Performance Before Indexing

To establish a performance baseline, we executed a set of basic similarity search queries without any indexing. These queries simulate the typical retrieval operations in a RAG-based application.
Sample Queries and Results:

Summary:

Total database query time: 18.3047 seconds

Average query time: 3.6609 seconds

Analysis:

Total Query Time: Approximately 18.3 seconds for five queries.
Average Query Time: Around 3.66 secondsper query.

These results highlight the need for optimization, especially when scaling up to more extensive datasets or higher query frequencies in production environments.

Implementing HNSW Indexes

To enhance query performance, we introduced an HNSW index on the embeddings column. This index facilitates rapid approximate nearest neighbor searches, significantly reducing retrieval times.
CREATE INDEX ON file_embeddings USING hnsw (embeddings vector_cosine_ops);
Details:

Index Type: HNSW (Hierarchical Navigable Small World)
Operator Class: vector_cosine_ops specifies the use of cosine similarity for vector operations.

Time Taken: Building the HNSW index on 1 million rows took approximately 33 minutes.

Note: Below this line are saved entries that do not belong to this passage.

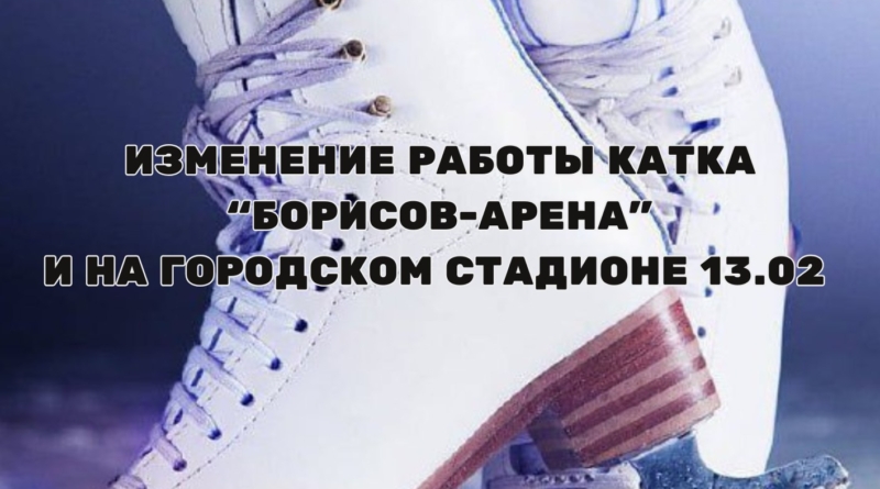 Читайте далее7.02 КАТОК БОРИСОВ-АРЕНА БУДЕТ РАБОТАТЬ С 10.00 ДО 22.00ЛЫЖЕРОЛЛЕРНАЯ ТРАССА С 19.00 ДО 22.008.02 КАТОК С 10.00 ДО 20.00ЛЫЖЕРОЛЛЕРНАЯ ТРАССА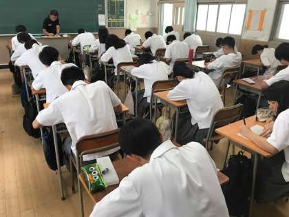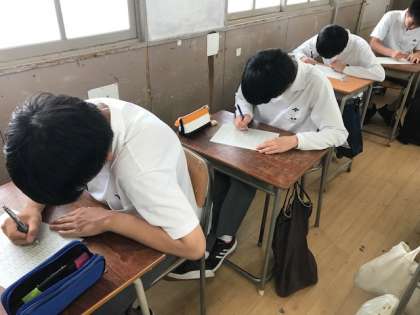 8時30分、放送の指示で問題用紙(裏向き)が配られます。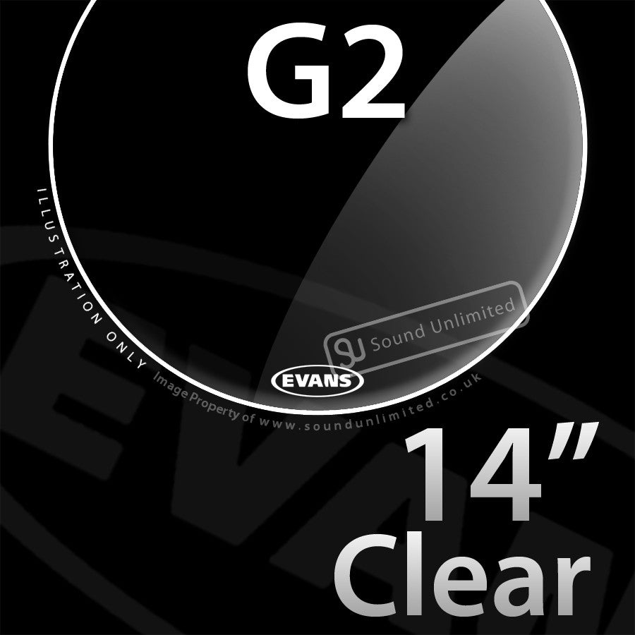 Evans 14" clear G2 two-ply drum head is designed to perform with an ideal balance of depth, sustain, attack and durability.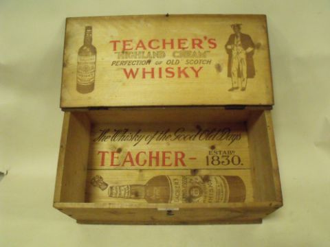A VINTAGE WOODEN TEACHER'S WHISKY BOX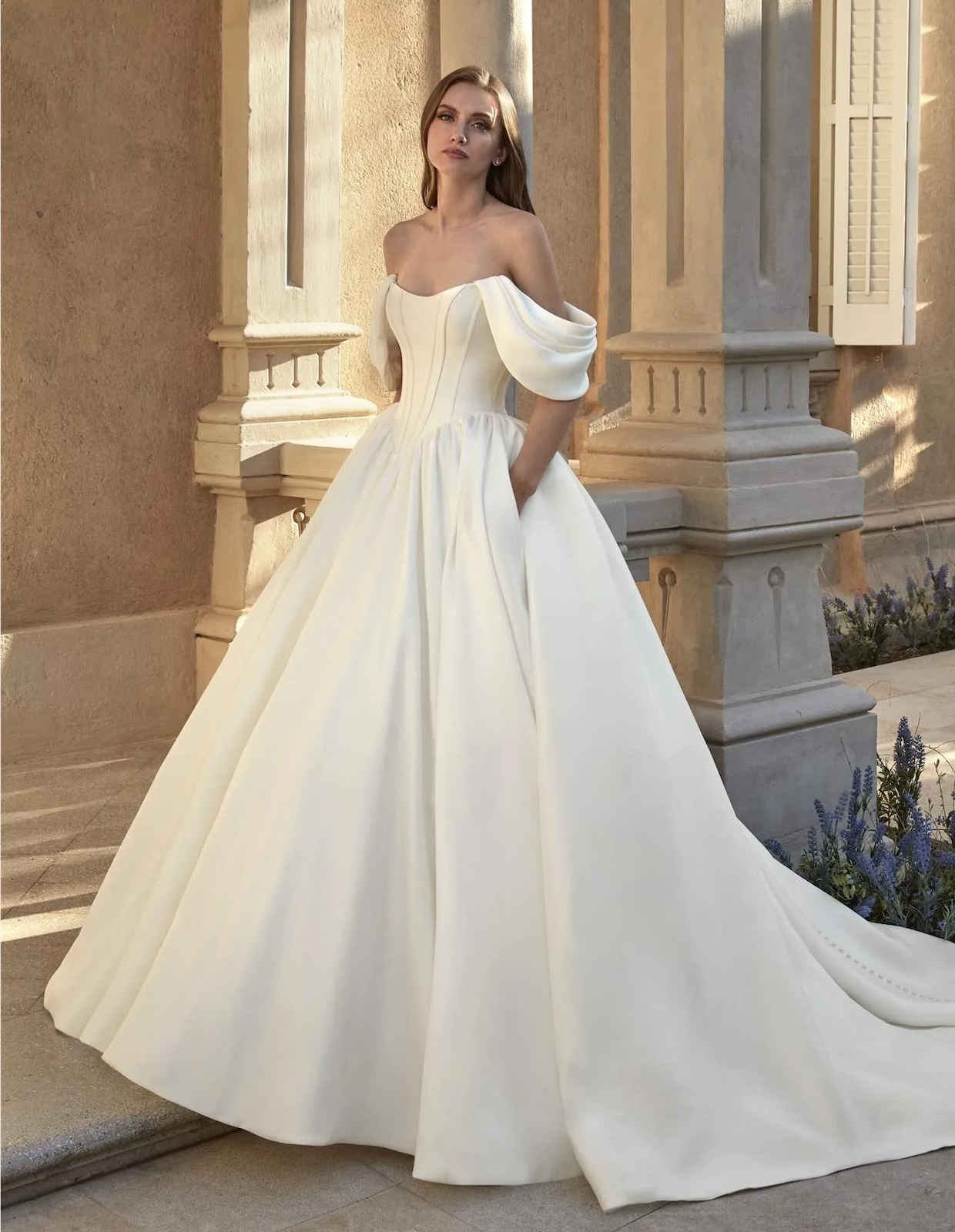 ANABELA jsou honosné svatební šaty z prémiového mikada, které spojují moderní couture estetiku s nadčasovou elegancí. Dominantou je strukturovaný korzet do V v pase s viditelným modelačním šitím a jemně tvarovaným výstřihem.

While this is a considerable upfront cost, the trade-off is justified by the substantial performance gains during query operations.

Performance After Indexing

Post-indexing, we reran the same set of similarity search queries to assess the improvements.

Optimized Queries and Results:

Summary:

Total database query time: 0.6205 seconds

Average query time: 0.1241 seconds

Comparison:

Key Observations:

Total Query Time decreased from 18.3 seconds to 0.62 seconds.
Average Query Time per query dropped from 3.66 seconds to 0.124 seconds.

This represents an approximate 30-fold improvement in query performance.

Conclusion

The experiment clearly demonstrates the transformative impact of HNSW indexes on RAG-based generative AI applications. By integrating HNSW indexes within PostgreSQL using PgVector, we achieved a dramatic reduction in similarity search times, from several seconds per query to mere milliseconds. This enhancement not only accelerates real-time data retrieval but also scales seamlessly with growing datasets, ensuring that RAG models remain responsive and efficient even as the underlying knowledge bases expand.